Olivier Père

Le Rêve de Cassandre de Woody Allen

Le Rêve de Cassandre (Cassandra’s Dream, 2007) de Woody Allen est diffusé ce soir sur ARTE à 20h50. Vu et revu j’aime beaucoup ce film très sous-estimé dans la carrière de Woody Allen, qui avait retrouvé avec Match Point un nouveau souffle et explore ici les mêmes thématiques.

C’est sans conteste le film le plus sombre du cinéaste (l’une des raisons de son rejet par le public), dans une veine dostoïevskienne déjà illustrée par Crimes et Délits (un autre sommet de l’œuvre du cinéaste new yorkais), qui vient ici se doubler d’une influence hitchcockienne, période anglaise bien sûr.

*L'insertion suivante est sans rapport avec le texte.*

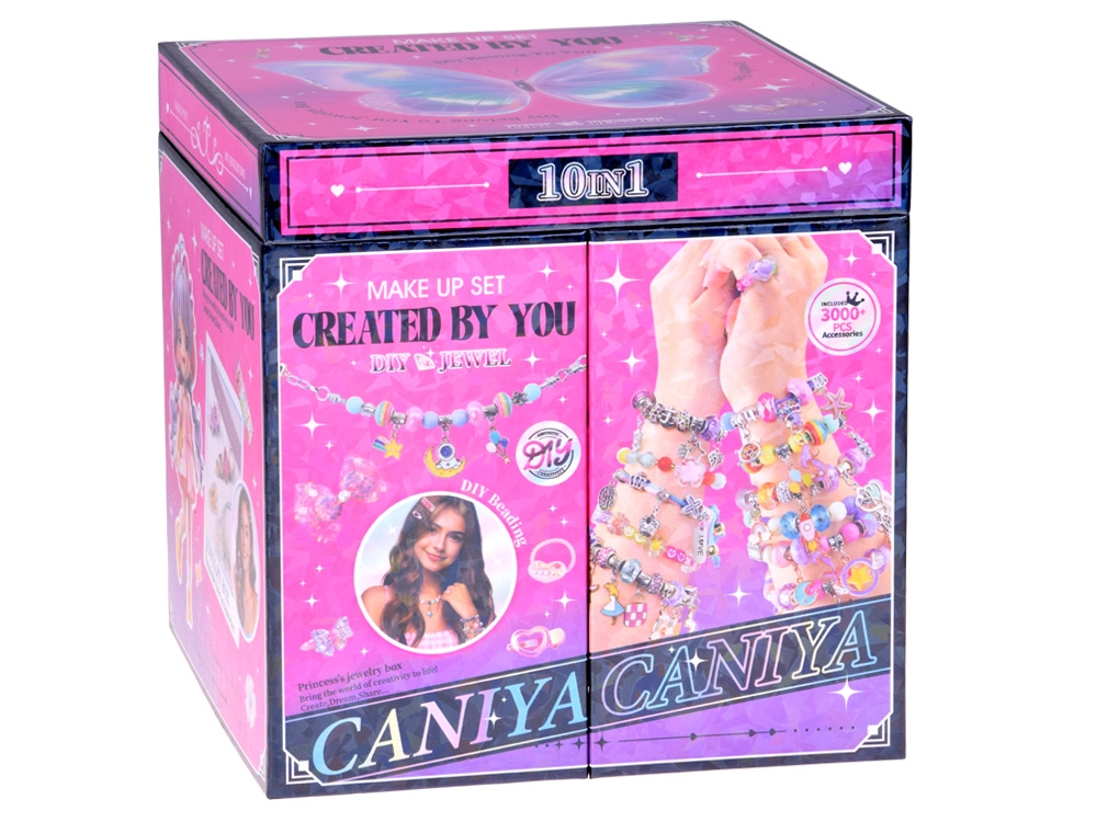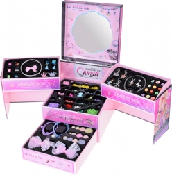 Kouzelná rozkládací šperkovnice s korálky, přívěsky a ozdobami do vlasů promění každou malou parádnici v tvůrkyni vlastní krásy. Díky třem úrovním úložného prostoru, zabudovanému zrcátku a bohaté výbavě vytvoří originální náramky, náhrdelníky i účesy. Bohatý obsah, praktická organizace a podpora kreativity a jemné motoriky dělají ze sady ideální dárek pro každodenní zábavu.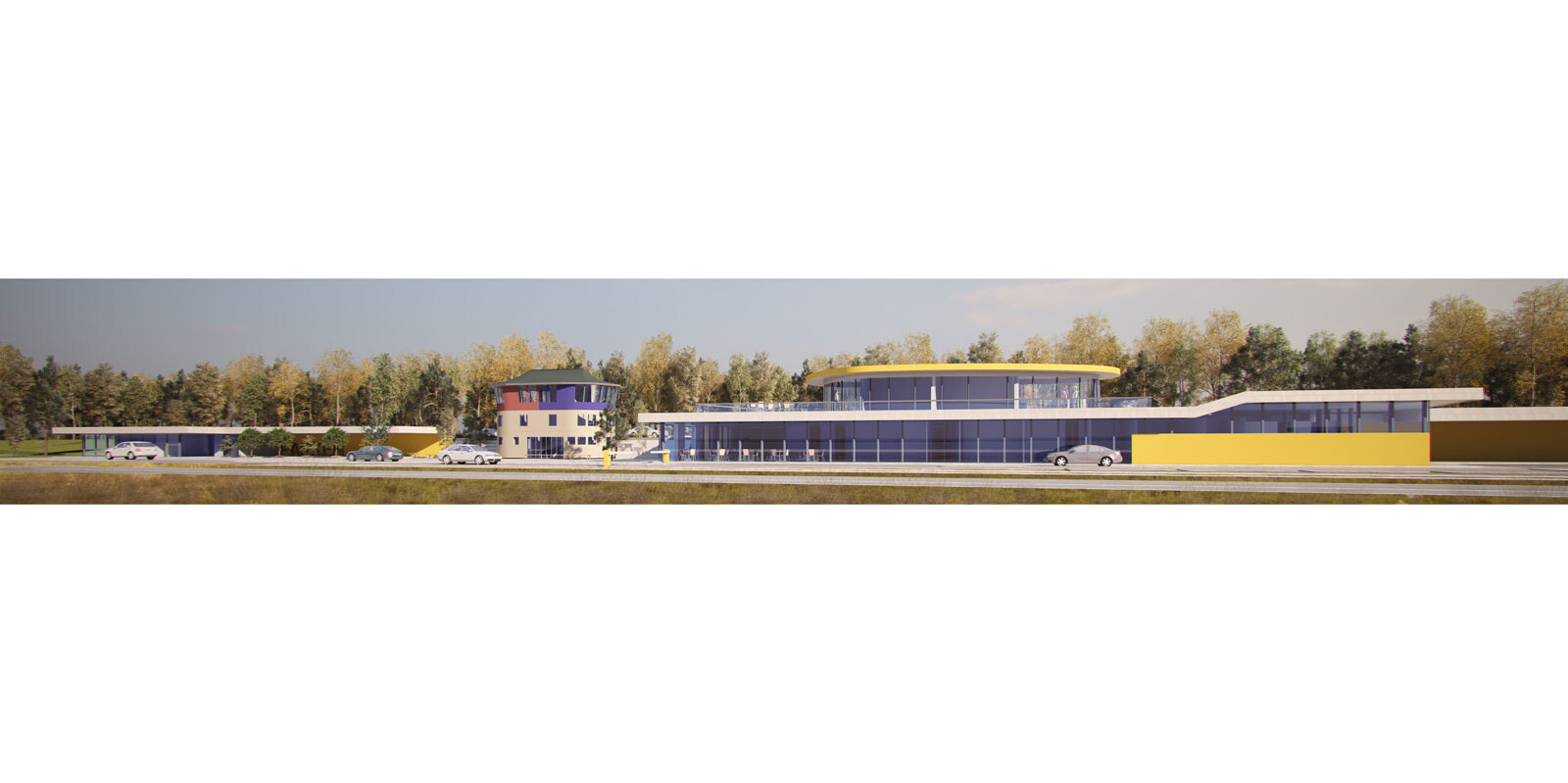 The aim of redesigning the ADAC traffic training facility on the Solitude-Ring was to optimise the running of road safety training and to improve the facility’s entire infrastructure. In order to achieve this, the development must be reorganised and more buildings for offices, administration and a workshop have to be planned for the site. The historic start and finish tower continues to be the centre of the facility. In order to expose the tower as a visible mark, the trees to the south of the Mahdentalstrasse will be replaced with a lower gabion wall. In future, all buildings will open out to the south towards the facility. The new gateman’s office with pay machine, exit barrier and parking spaces along with the training and events building with workshop will be embedded into the landscape, holding back significantly towards the regional main road. Together with the centrally positioned tower, they form an attractive ensemble of buildings. In front of the tower there will be a forecourt with a spacious terrace connecting all the buildings together.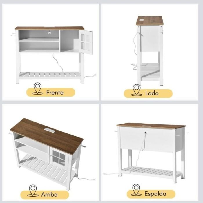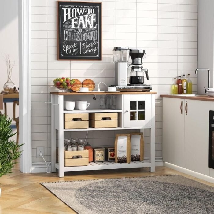 - 【Amplio Espacio de Almacenamiento】 Con gabinetes con puerta y 3 estantes grandes abiertos, el gabinete tipo buffet ofrece suficiente espacio abierto y cerrado para exhibir y organizar sus artículos de cocina, como granos de café, vajilla, microondas, tostadora o cafeteras.

Londres, de nos jours. Sur un coup de cœur, deux frères issus d’un milieu modeste s’offrent un voilier qu’ils baptisent « Cassandra’s Dream », le rêve de Cassandre. Une vraie folie car ni l’un ni l’autre n’ont réellement les moyens d’assumer ce signe extérieur de richesse.
Terry (Colin Farrell) travaille dans un garage tandis que Ian (Ewan McGregor) dirige le restaurant de leurs parents.
Lorsque le premier est confronté à une importante dette de jeu et que le second s’éprend d’Angela, ambitieuse comédienne de théâtre, ils sont obligés de solliciter l’aide de leur oncle Howard (Tom Wilkinson) qui a fait fortune en Californie.
En contrepartie de son solide coup de pouce financier, il leur demande de lui rendre un petit service : assassiner l’un de ses associés dont les révélations à la police pourrait conduire l’oncle Howard, homme d’affaires véreux, directement en prison.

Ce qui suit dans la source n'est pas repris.